■ **Source information**
━━━━━━━━━━━━━━━━━━━━━━━━━━━━━━

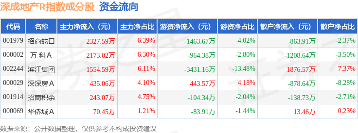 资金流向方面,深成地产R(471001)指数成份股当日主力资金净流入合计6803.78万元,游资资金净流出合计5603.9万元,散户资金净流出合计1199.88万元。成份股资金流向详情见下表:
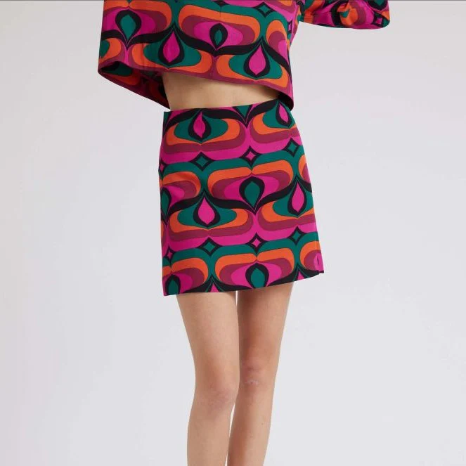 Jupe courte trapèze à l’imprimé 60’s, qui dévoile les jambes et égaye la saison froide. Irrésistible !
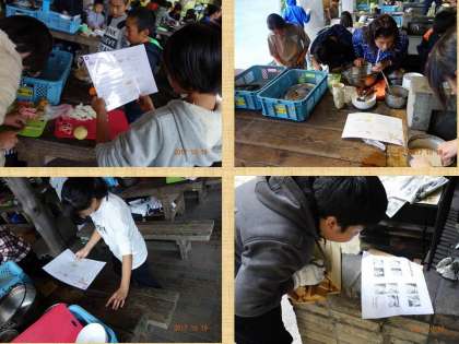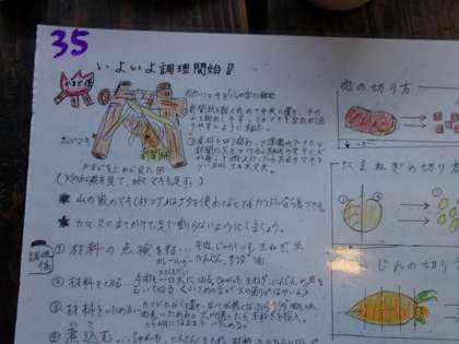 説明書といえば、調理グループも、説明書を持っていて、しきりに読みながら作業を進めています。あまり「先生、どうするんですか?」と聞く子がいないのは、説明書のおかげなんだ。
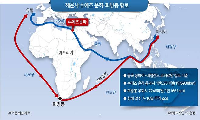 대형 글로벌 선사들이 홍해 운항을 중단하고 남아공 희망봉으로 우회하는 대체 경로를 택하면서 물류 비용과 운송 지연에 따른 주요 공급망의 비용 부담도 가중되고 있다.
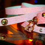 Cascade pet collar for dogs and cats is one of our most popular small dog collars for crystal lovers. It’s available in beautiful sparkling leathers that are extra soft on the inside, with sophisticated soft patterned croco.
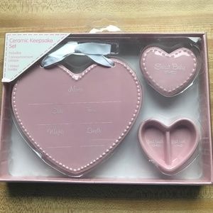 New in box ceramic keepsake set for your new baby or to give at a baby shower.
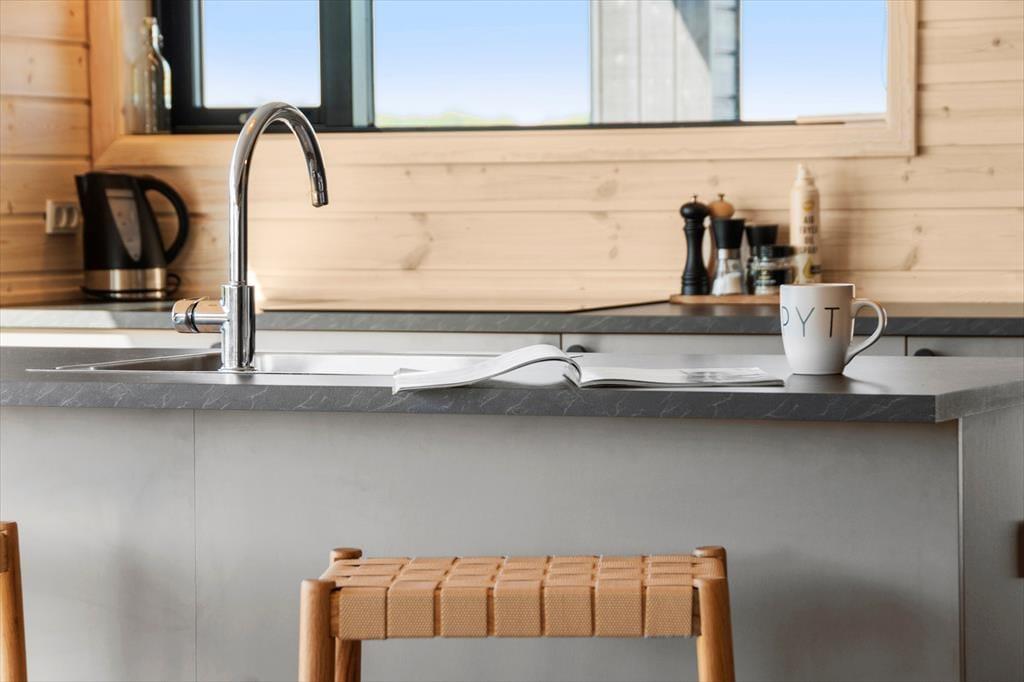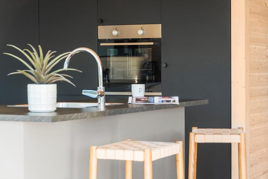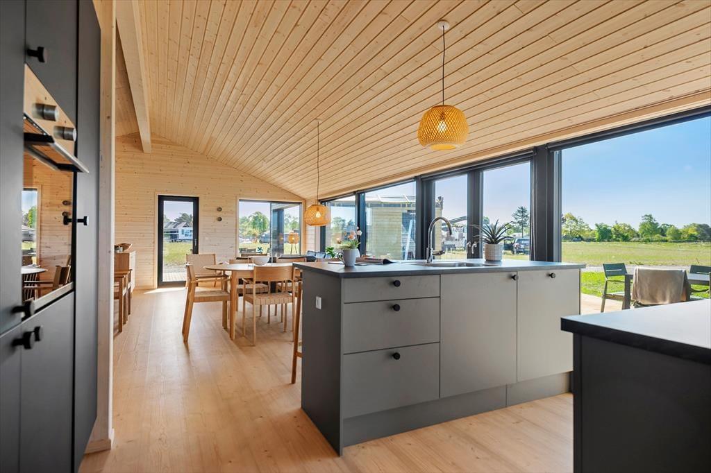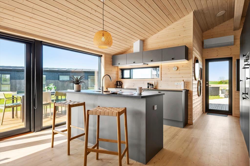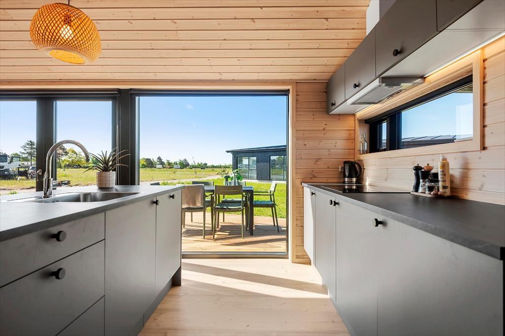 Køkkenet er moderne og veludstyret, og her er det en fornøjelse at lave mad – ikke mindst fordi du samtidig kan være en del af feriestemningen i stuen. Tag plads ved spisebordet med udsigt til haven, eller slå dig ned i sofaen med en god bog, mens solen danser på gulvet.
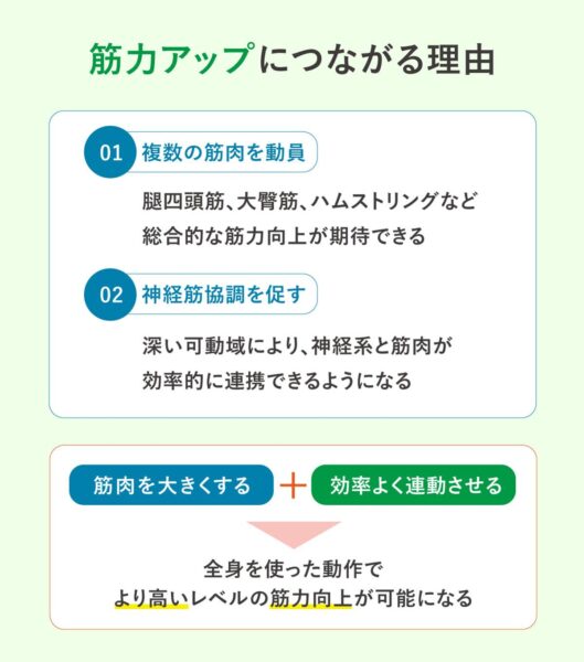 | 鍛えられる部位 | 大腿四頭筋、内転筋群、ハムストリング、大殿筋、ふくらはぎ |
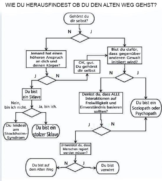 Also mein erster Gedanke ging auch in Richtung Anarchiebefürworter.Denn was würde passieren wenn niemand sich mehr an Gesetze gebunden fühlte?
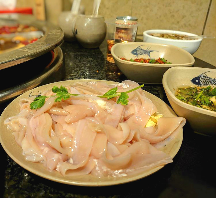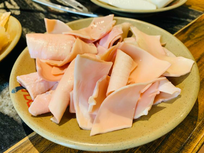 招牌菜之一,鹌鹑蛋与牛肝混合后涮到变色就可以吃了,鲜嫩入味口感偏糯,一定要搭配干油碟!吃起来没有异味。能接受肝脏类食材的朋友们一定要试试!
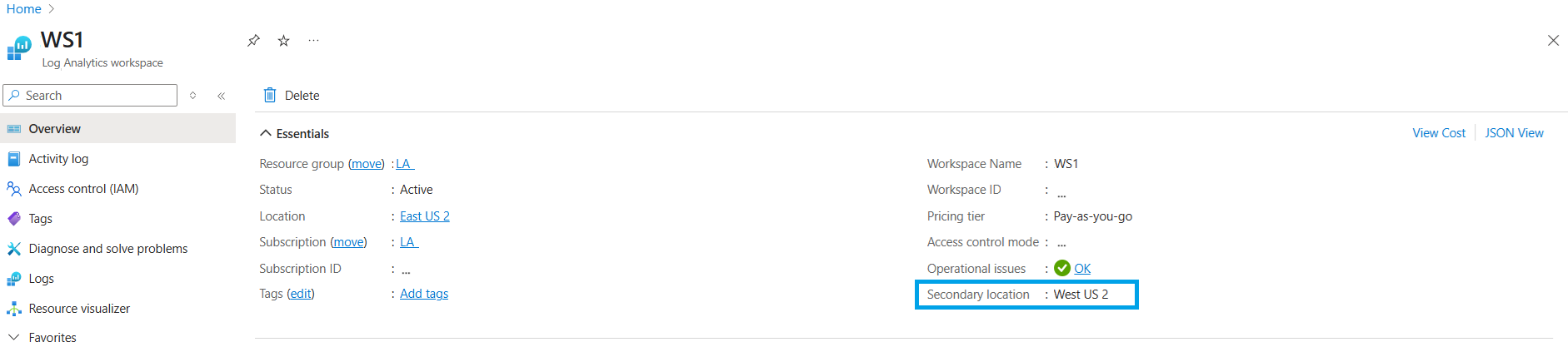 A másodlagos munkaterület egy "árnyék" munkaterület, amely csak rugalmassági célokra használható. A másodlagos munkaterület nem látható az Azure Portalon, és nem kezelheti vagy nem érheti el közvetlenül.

━━━━━━━━━━━━━━━━━━━━━━━━━━━━━━

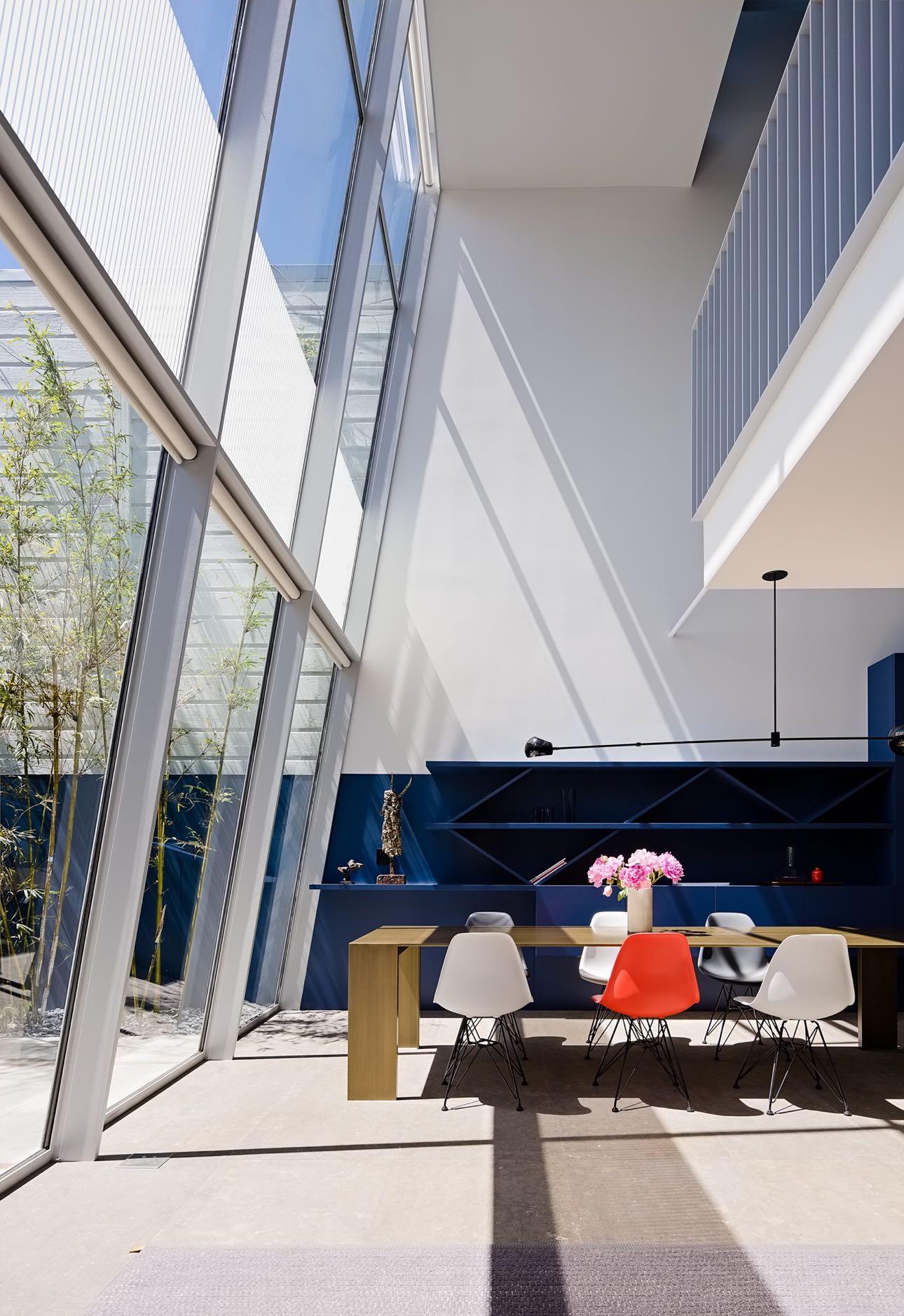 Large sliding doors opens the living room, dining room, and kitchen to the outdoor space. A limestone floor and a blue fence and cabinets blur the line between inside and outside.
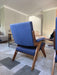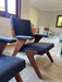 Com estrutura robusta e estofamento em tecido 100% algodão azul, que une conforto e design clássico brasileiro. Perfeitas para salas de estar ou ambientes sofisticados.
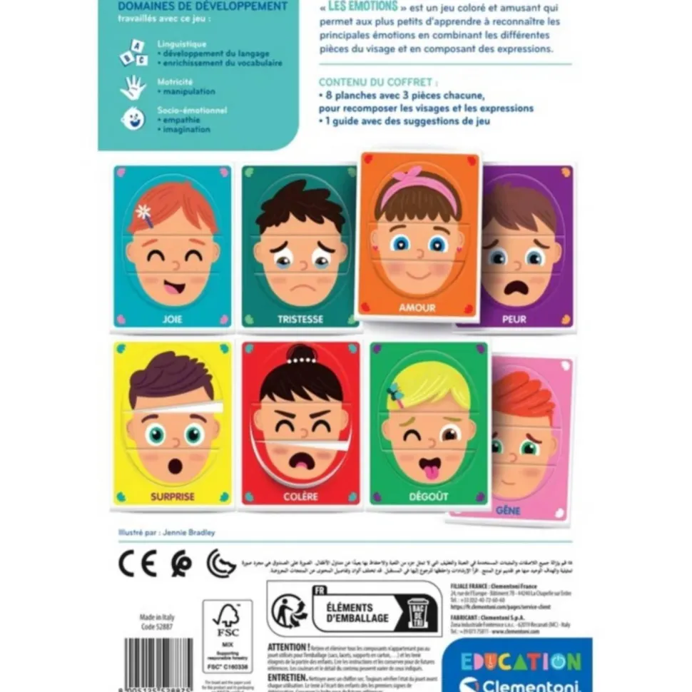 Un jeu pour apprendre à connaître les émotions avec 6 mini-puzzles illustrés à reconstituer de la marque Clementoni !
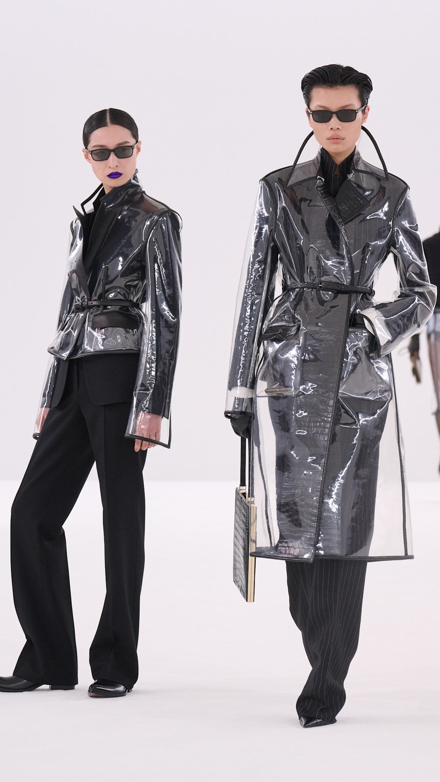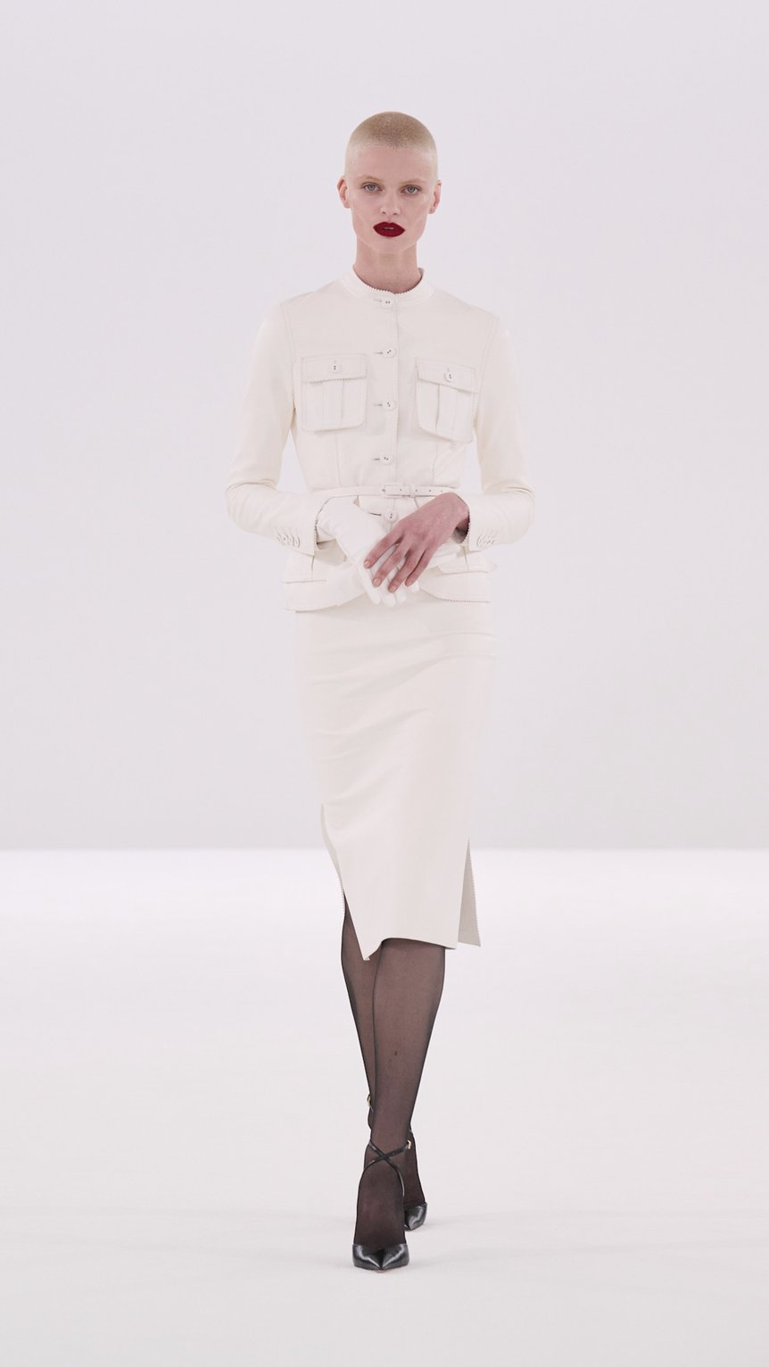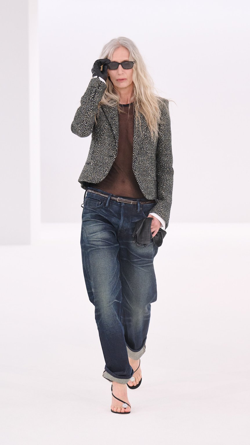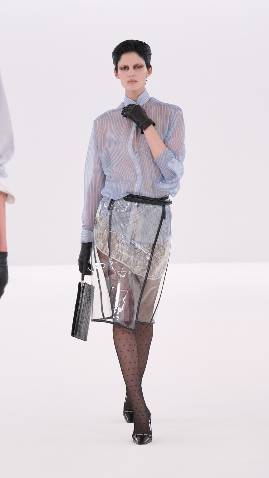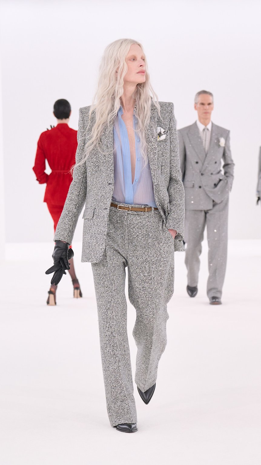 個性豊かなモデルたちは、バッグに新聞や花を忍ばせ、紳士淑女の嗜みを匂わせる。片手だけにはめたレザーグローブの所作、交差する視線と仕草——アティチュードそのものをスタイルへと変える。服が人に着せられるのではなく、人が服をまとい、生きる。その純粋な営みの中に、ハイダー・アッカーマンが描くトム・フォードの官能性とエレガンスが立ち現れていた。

━━━━━━━━━━━━━━━━━━━━━━━━━━━━━━

■ **Task goal**
Skip every picture, and restate word for word only the lines above from the line containing "鍛えられる部位 | 大腿四頭筋、内転筋群、ハムストリング、大殿筋、ふくらはぎ |" to the line containing "A másodlagos munkaterület egy", both of them included.

■ **Solution below**
 | 鍛えられる部位 | 大腿四頭筋、内転筋群、ハムストリング、大殿筋、ふくらはぎ |
 Also mein erster Gedanke ging auch in Richtung Anarchiebefürworter.Denn was würde passieren wenn niemand sich mehr an Gesetze gebunden fühlte?
 招牌菜之一,鹌鹑蛋与牛肝混合后涮到变色就可以吃了,鲜嫩入味口感偏糯,一定要搭配干油碟!吃起来没有异味。能接受肝脏类食材的朋友们一定要试试!
 A másodlagos munkaterület egy "árnyék" munkaterület, amely csak rugalmassági célokra használható. A másodlagos munkaterület nem látható az Azure Portalon, és nem kezelheti vagy nem érheti el közvetlenül.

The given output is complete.